There are records, dated June, 2016 through June, 2017, reflecting semi-regular weekly therapy sessions with a County social work intern (A.R. 621-98, 731-35). Most of this therapy appears to have centered around discussions concerning Plaintiff's unstable housing (id.). Plaintiff had been prescribed Prozac in June of 2014 and had decided not to take it, but Plaintiff reported that he felt better with the regular therapy sessions (A.R. 679). In August of 2016, Plaintiff reported that his unemployment was negatively impacting his mental health and that he was interested in finding a job (A.R. 671-72). By September of 2016, Plaintiff reportedly had lost his apartment, had lived in a shelter until he felt unsafe to do so, and then was given a voucher to live in a hotel A.R. 663, 665, 667, 669, 672, 674, 676, 677, 681, 683, 685, 688, 691, 693, 694, 695).

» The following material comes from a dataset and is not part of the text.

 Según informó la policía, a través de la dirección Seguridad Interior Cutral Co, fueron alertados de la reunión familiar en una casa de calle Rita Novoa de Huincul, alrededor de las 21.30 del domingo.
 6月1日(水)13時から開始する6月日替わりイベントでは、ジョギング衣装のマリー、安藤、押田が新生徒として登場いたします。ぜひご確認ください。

Plaintiff subsequently reported some “isolation, ” and he said that he had moved in with his brother, which had caused some conflict (A.R. 654, 656, 658). By November of 2016, Plaintiff was homeless (“couch surfing”) again and had requested assistance with housing (A.R. 649-50). He was back in a shelter in January of 2017 and was complaining about his living conditions (A.R. 630, 642, 644, 646). In March of 2017, Plaintiff reported having had an altercation with someone at the shelter, and said he was depressed after finding out that he had been denied Social Security disability benefits (A.R. 628, 632). Plaintiff reportedly “did not appear to be gravely disabled at the time” and was referred for follow up with his regular therapist (A.R. 624). Plaintiff returned in June of 2017, seeking therapy and housing assistance (A.R. 732-33).

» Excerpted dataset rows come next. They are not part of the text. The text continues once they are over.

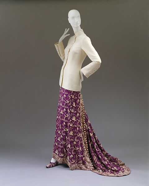 In this ensemble, Gaultier combines high, midcentury French style with imagery from the Far East. His Nehru jacket recalls Christian Dior's New Look "Bar" jacket, and is lavishly embroidered skirt cites the exoticism of early-twentieth century Chinese export shawls. Less obviously, the skirt's construction refers to similar garments of the 1890s.
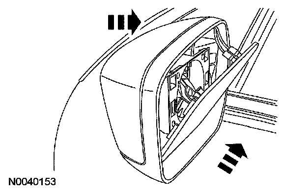 - Press the upper edge of the mirror glass into the upper rear view mirror motor retainers.
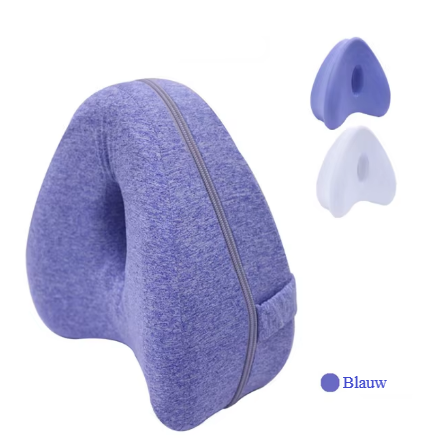 - Speciaal ontworpen voor je lichaam: Waar gewone kussens verschuiven en onvoldoende ondersteuning bieden, past het speciale steunkussen perfect tussen je benen.

Plaintiff's next mental health treatment record reflects a follow up with the County in April of 2018, when Plaintiff again reported being adversely affected by his living situation, which then involved shared housing (A.R. 804-09). Plaintiff complained of daily depression and intermittent anxiety, which reportedly affected his ability to get along with others, maintain stability and obtain employment (A.R. 805). Plaintiff again indicated he had been depressed since he was 12 years old (A.R. 805). Plaintiff reported a 15-year history of working in retail (A.R. 806). On examination, Plaintiff manifested restless motor activity and appeared anxious and worried (A.R. 809).

II. Summary of the Medical Opinion Evidence

Consultative examiner Dr. Bahareh Talei provided a Complete Psychological Evaluation dated June 15, 2017 (A.R. 724-28). Dr. Talei reportedly reviewed some medical records from June of 2016 and January of 2017, which indicated Plaintiff had been diagnosed with “major depressive disorder in the moderate range, ” with symptoms that were consistent with Plaintiff's current report and presentation (A.R. 724). Plaintiff came to the examination alone by bus and arrived promptly (A.R. 724). Plaintiff was meticulously dressed and groomed, and was not malodorous, but he did arrive with a backpack and luggage (A.R. 724).

Plaintiff reported a history of psychiatric/psychologic treatment but no current mental health treatment (A.R. 725). Plaintiff reported feelings of depression and anxiety related to an injury at work (A.R. 725). Plaintiff had lived with his mother until two years earlier, at which time his mother had passed away (A.R. 725). Plaintiff had been able to maintain his own residence until a year earlier, at which time he became homeless (A.R. 725). Plaintiff then was staying in a shelter (A.R. 725).

Plaintiff was born in Nicaragua and immigrated to the United States in 1986 (A.R. 725). Plaintiff said he had completed high school and some college (A.R. 725). Plaintiff had vocational training as a medical assistant (A.R. 725). Plaintiff reported that he spent his days watching television and listening to music, taking public transportation or walks, managing his own funds from General Relief, and independently performing the activities of daily living (A.R. 726).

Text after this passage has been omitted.